Here, m is the number of perfect subtrees and m ≤ n. Since there are at most n collected sizes, the complexity can also be written as O(n log n) in the worst case. The DFS itself is linear because every node is processed exactly once.

Test Cases

# Helper constructor assumed.

# Example 1
assert Solution().kthLargestPerfectSubtree(
    build_tree([5,3,6,5,2,5,7,1,8,None,None,6,8]), 2
) == 3  # second largest perfect subtree

# Example 2
assert Solution().kthLargestPerfectSubtree(
    build_tree([1,2,3,4,5,6,7]), 1
) == 7  # entire tree is perfect

# Example 3
assert Solution().kthLargestPerfectSubtree(
    build_tree([1,2,3,None,4]), 3
) == -1  # insufficient perfect subtrees

# Single node tree
assert Solution().kthLargestPerfectSubtree(
    build_tree([1]), 1
) == 1  # leaf itself is perfect

# Single node, k too large
assert Solution().kthLargestPerfectSubtree(
    build_tree([1]), 2
) == -1  # only one perfect subtree

# Root with one child
assert Solution().kthLargestPerfectSubtree(
    build_tree([1,2]), 1
) == 1  # only leaf subtree qualifies

# Perfect tree of height 2
assert Solution().kthLargestPerfectSubtree(
    build_tree([1,2,3]), 1
) == 3  # full tree perfect

# Perfect tree of height 2, second largest
assert Solution().kthLargestPerfectSubtree(
    build_tree([1,2,3]), 2
) == 1  # leaf subtree

# Completely skewed tree
assert Solution().kthLargestPerfectSubtree(
    build_tree([1,2,None,3,None,4]), 2
) == 1  # all perfect subtrees are leaves

# Larger perfect tree
assert Solution().kthLargestPerfectSubtree(
    build_tree([1,2,3,4,5,6,7,8,9,10,11,12,13,14,15]), 1
) == 15  # largest possible perfect subtree in tree

Test Summary

Test Why
Example 1 Validates duplicate large perfect subtrees
Example 2 Validates entire tree being perfect
Example 3 Validates insufficient subtree count
Single node Smallest valid tree
Single node with large k Tests -1 condition
One child only Ensures imperfect parent handling
Perfect height-2 tree Basic perfect-tree detection
Perfect height-2 tree, k=2 Validates ordering of subtree sizes
Skewed tree Tests highly unbalanced structure
Large perfect tree Confirms recursive aggregation of sizes

Edge Cases

Single Node Tree

A tree consisting of exactly one node is a perfect binary tree by definition. Both left and right subtrees are empty, and their heights are equal. The DFS correctly identifies the subtree size as 1 and records it.

Node With Only One Child

A common bug is accidentally treating a node with one missing child as perfect. The recursive rule prevents this automatically. The existing child subtree may be perfect, but the heights of the left and right sides cannot match because one side is empty and the other is not. Therefore the parent subtree is rejected.

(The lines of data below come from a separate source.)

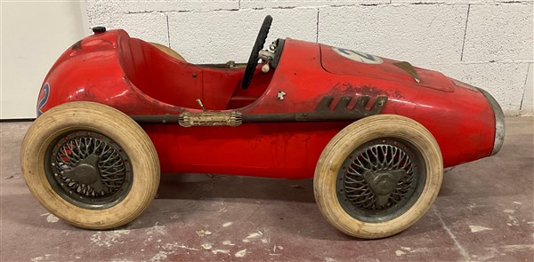 Automobilina a pedali con scocca in materiale plastico e ruote con gomme, unita a un'automobilina a spinta elettrica (difetti e mancanze)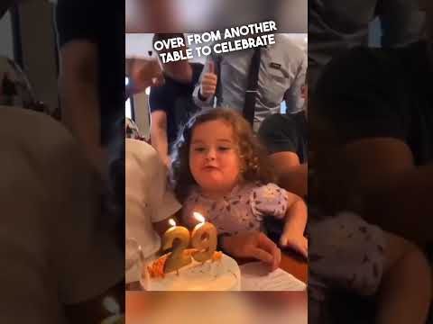 Young girl with autism blows out a stranger's birthday candles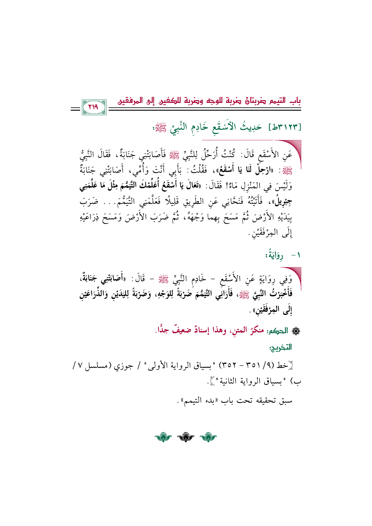 ◼ عَنِ الأَسْقَعِ قَالَ: كُنْتُ أُرَحِّلُ لِلنَّبِيِّ صلى الله عليه وسلم فَأَصَابَتْنِي جَنَابَةٌ، فَقَالَ النَّبِيُّ صلى الله عليه وسلم: ((ارْحِلْ لَنَا يَا أَسْقَعُ))، فَقُلْتُ: بَأَبِي أَنْتَ وَأُمِّي، أَصَابَتْنِي جَنَابَةٌ وَلَيْسَ فِي المَنْزِلِ مَاءٌ! فَقَالَ: ((تَعَالَ يَا أَسْقَعُ أُعَلِّمْكَ التَّيَمُّمَ مِثْلَ مَا عَلَّمَنِي جِبْرِيلُ))، فَأَتَيْتُهُ فَنَحَّانِي عَنِ الطَرِيقِ قَلِيلًا فَعَلَّمَنِي التَّيَمُّمَ ... ضَرَبَ بِيَدَيْهِ الأَرْضَ ثُمَّ مَسَحَ بِهما وَجْهَهُ، ثُمَّ ضَرَبَ الأَرْضَ وَمَسَحَ ذِرَاعَيْهِ إِلَى المِرْفَقَيْنِ.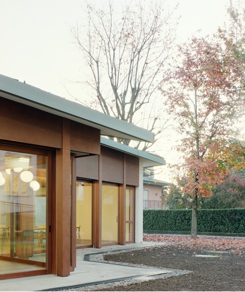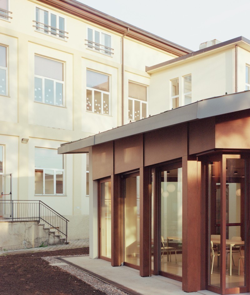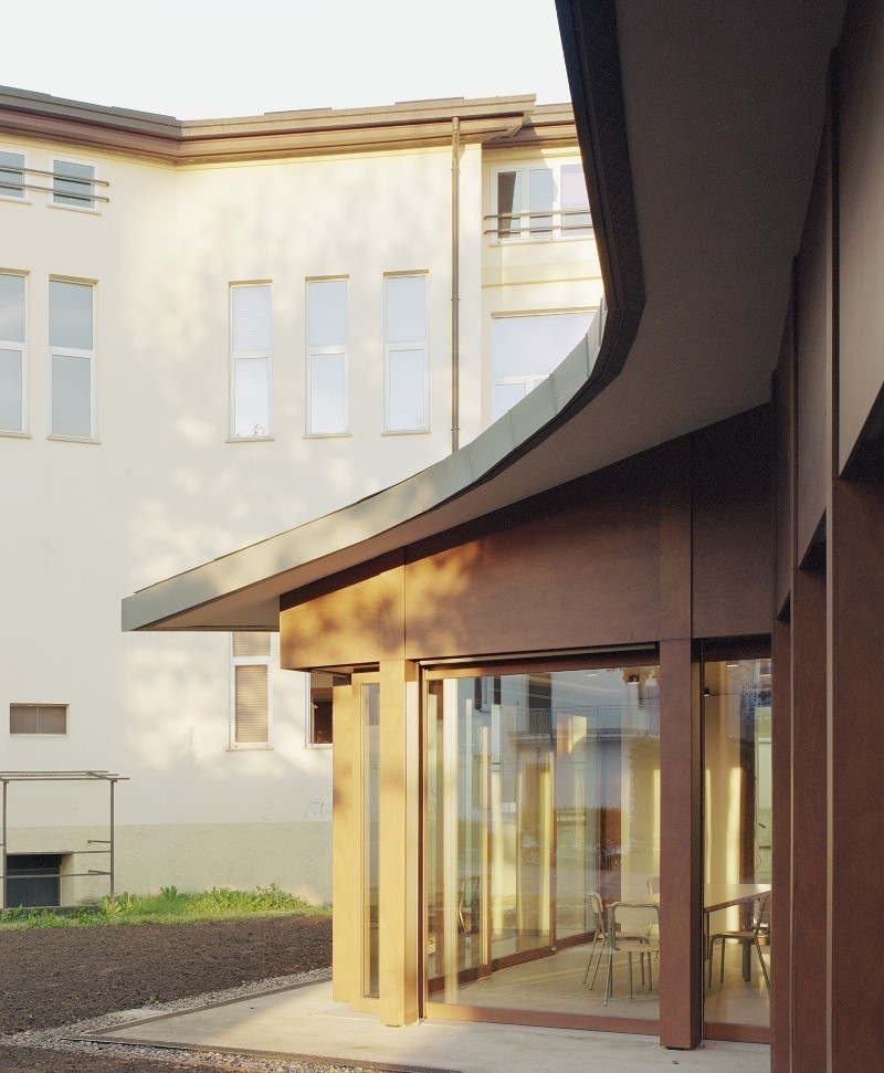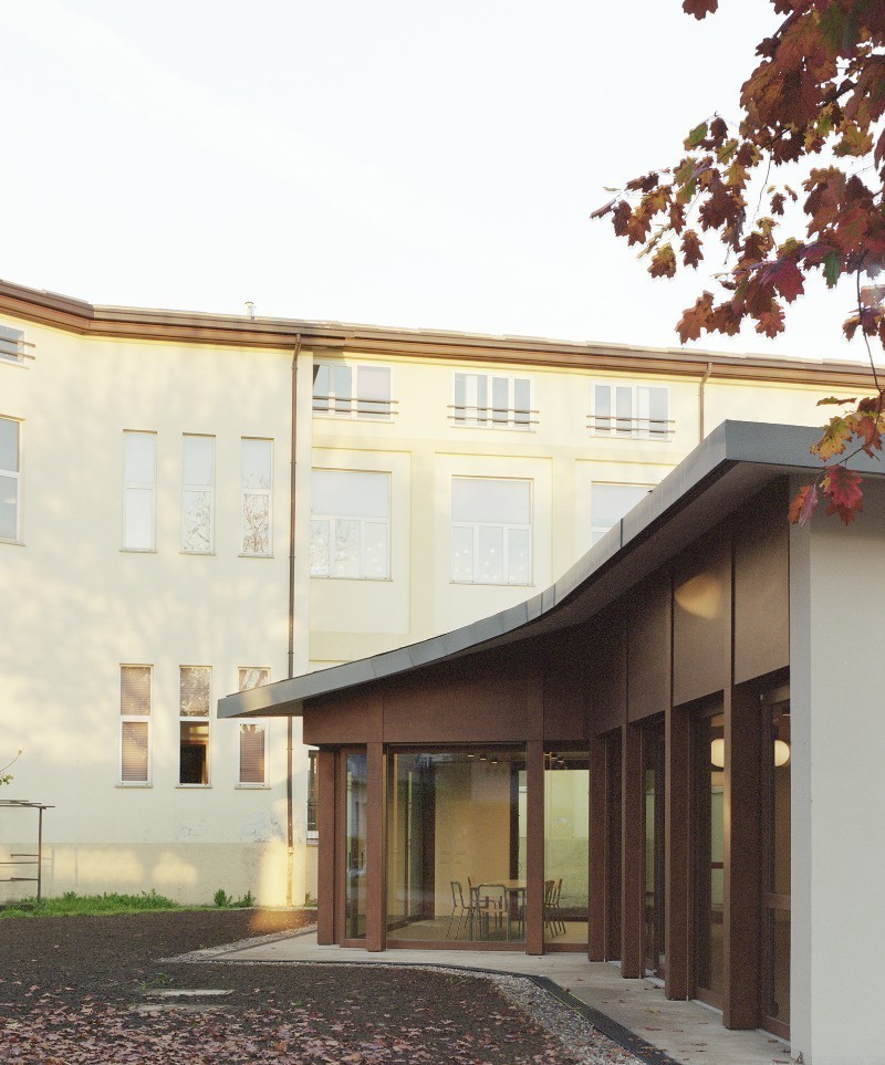Uno spazio contemporaneo e radicato nel suo contesto, pensato come un'occasione per ridefinire il rapporto tra la scuola e il suo giardino che rappresenta - affermano i titolari dello studio, Emauele Colombo e Paolo Molteni - «un unicum identitario insieme al corpo principale».

Fewer Than k Perfect Subtrees

The problem requires returning -1 when the requested rank does not exist. After collecting and sorting all perfect subtree sizes, the implementation explicitly checks whether k exceeds the number of recorded sizes. If so, it returns -1 immediately.

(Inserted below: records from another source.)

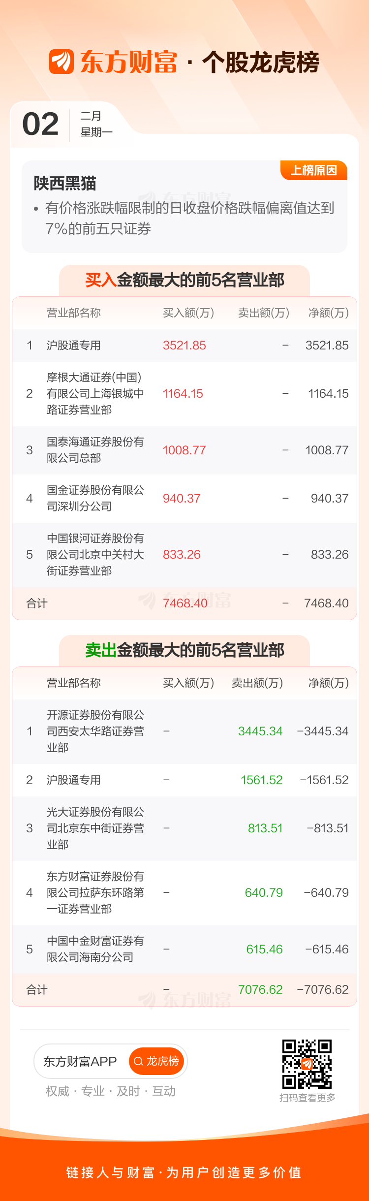 陕西黑猫(601015)龙虎榜数据(02-02)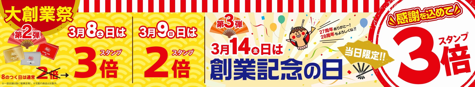 また、築地銀だこ店舗(一部店舗を除く)で開催される 『大創業祭』 期間中の、3月8日・9日・14日に “ぜったいお得な回数券” を 「PayPay」 でご購入いいただくと、 「PayPayポイント」 5%付与に加え、 「銀だこスタンプカード https://www.gindaco.com/stampcard/ 」 のスタンプが2倍!、3倍!!もらえて “トリプルで超お得”!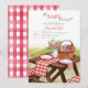 Having a summer baby shower? This enchanting baby girl shower invite featuring a watercolor illustration of a picnic in the parc, as well as a gingham pattern on the back, is the perfect way to celebrate the arrival of your precious little one.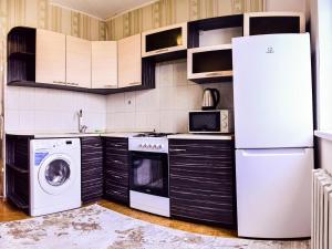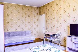 Apartmán v 1 комнатная квартира в Алматы zahrnuje 1 ložnici, obývací prostor s TV s plochou obrazovkou a plně vybavenou kuchyň.
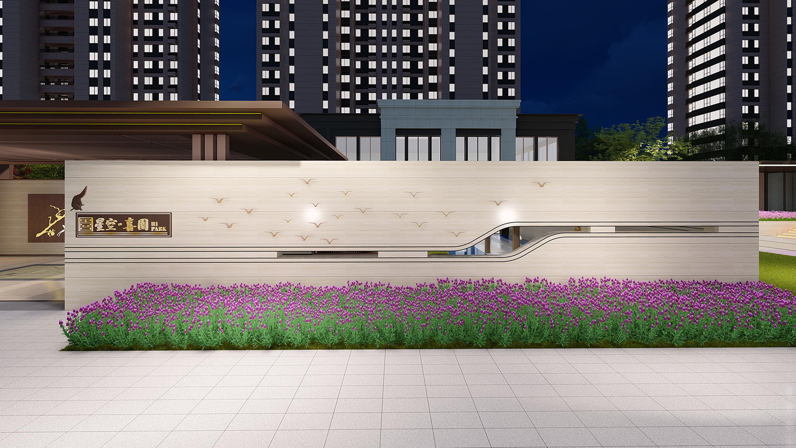 “百雀來迎” 景墻引導客戶進入示范區,示范區入口門頭與廊架相結合,金屬與石材完美契合,搭配浪漫花境自然優雅,大境盡攬。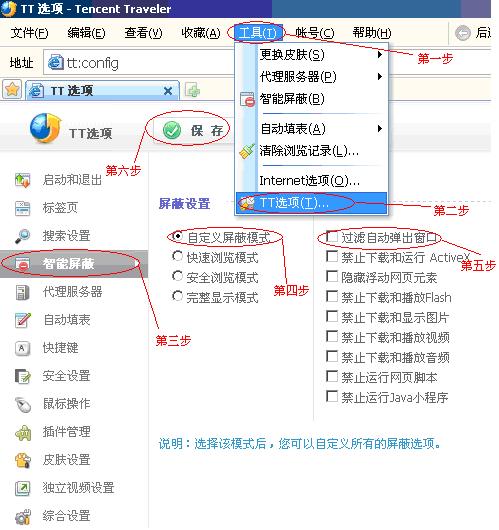 3. 在“TT选项”左侧菜单中,点击“智能屏蔽”。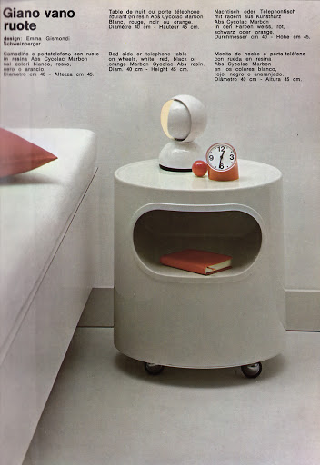 This is a nice thing. A Giano Vano side table designed by Emma Gismondi Schweinberger for Artemide Milano. It’ll feature again in Doctor Who, notably on the Bi-al foundation.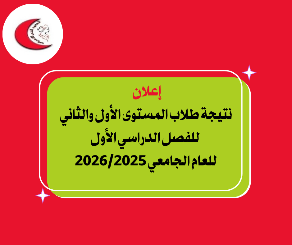 تعلن إدارة المعهد الفني للتمريض جامعة طنطا عن نتيجة طلاب المستوى الأول والثاني للفصل الدراسي الأول للعام الجامعي 2025/2026 م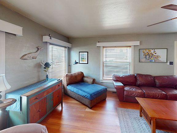 2 Bedroom, 1.5 Bathroom furnished home in downtown Cayucos. Two Blocks from the beach. This home features a front porch and an enclosed back yard. The living room has a large amount of seating and a large TV making it a great entertainment space. Right off of the living room is a dining room with seating for 8. Each bedroom has a Cal King bed with a large closet. The kitchen comes fully equipped with plates, pots, pan and utensils. Leading into the backyard is a mud room where the washer and dryer are kept. The home has great natural light as well as some ocean views. Some off street parking is available. All utilities are included. Pets considered. *Hot tub was removed, no longer available*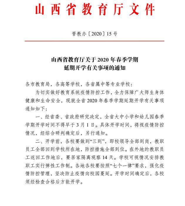 山西省教育厅关于2020年春季学期延期开学有关事项的通知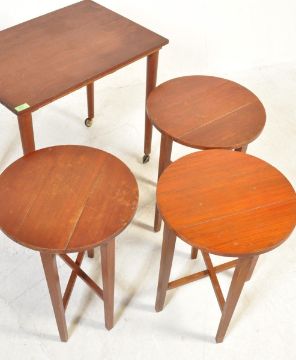 A retro vintage mid 20th century teak wood nest of tables having a square table top with three drop leaf tables underneath raised on tapering legs & castors. Measures: 57cm x 63cm x 45cm.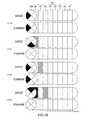 FIGS. 10 and 11 illustrate examples of display timings of bars displayed in thedisplay area201 when a player performs the stepping motions with respect to display patterns of different levels of difficulty.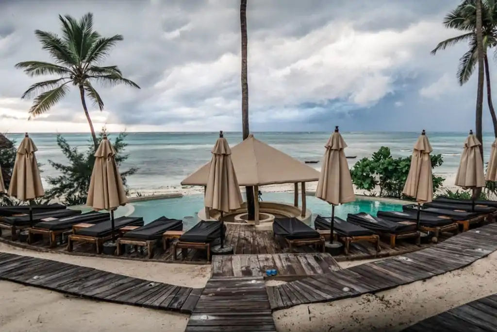 Our requirements for accommodation in Zanzibar were pretty simple: a family bungalow (as opposed to a hotel room), located as close to the beach as possible. I thought to myself that there must be loads of places that would fit the criteria. Well, yes there were, and that was part of a problem. I was simply not able to choose! In the end, we went for a place that offered draft beer (for hubby) and swing sun loungers (for me). Because that’s the kind of travelers we are. π

Multiple Perfect Subtrees With Equal Size

Several perfect subtrees may have identical sizes. The problem asks for the k-th largest subtree, not the k-th distinct size. Therefore every perfect subtree occurrence is stored independently. If two different subtrees both have size 3, both entries remain in the list and participate separately in the ranking.

Entire Tree Is Perfect

When the root itself satisfies the perfect-tree condition, the DFS naturally computes its size after processing both children. The full tree size is appended to the collection, ensuring it competes with all smaller perfect subtrees during ranking.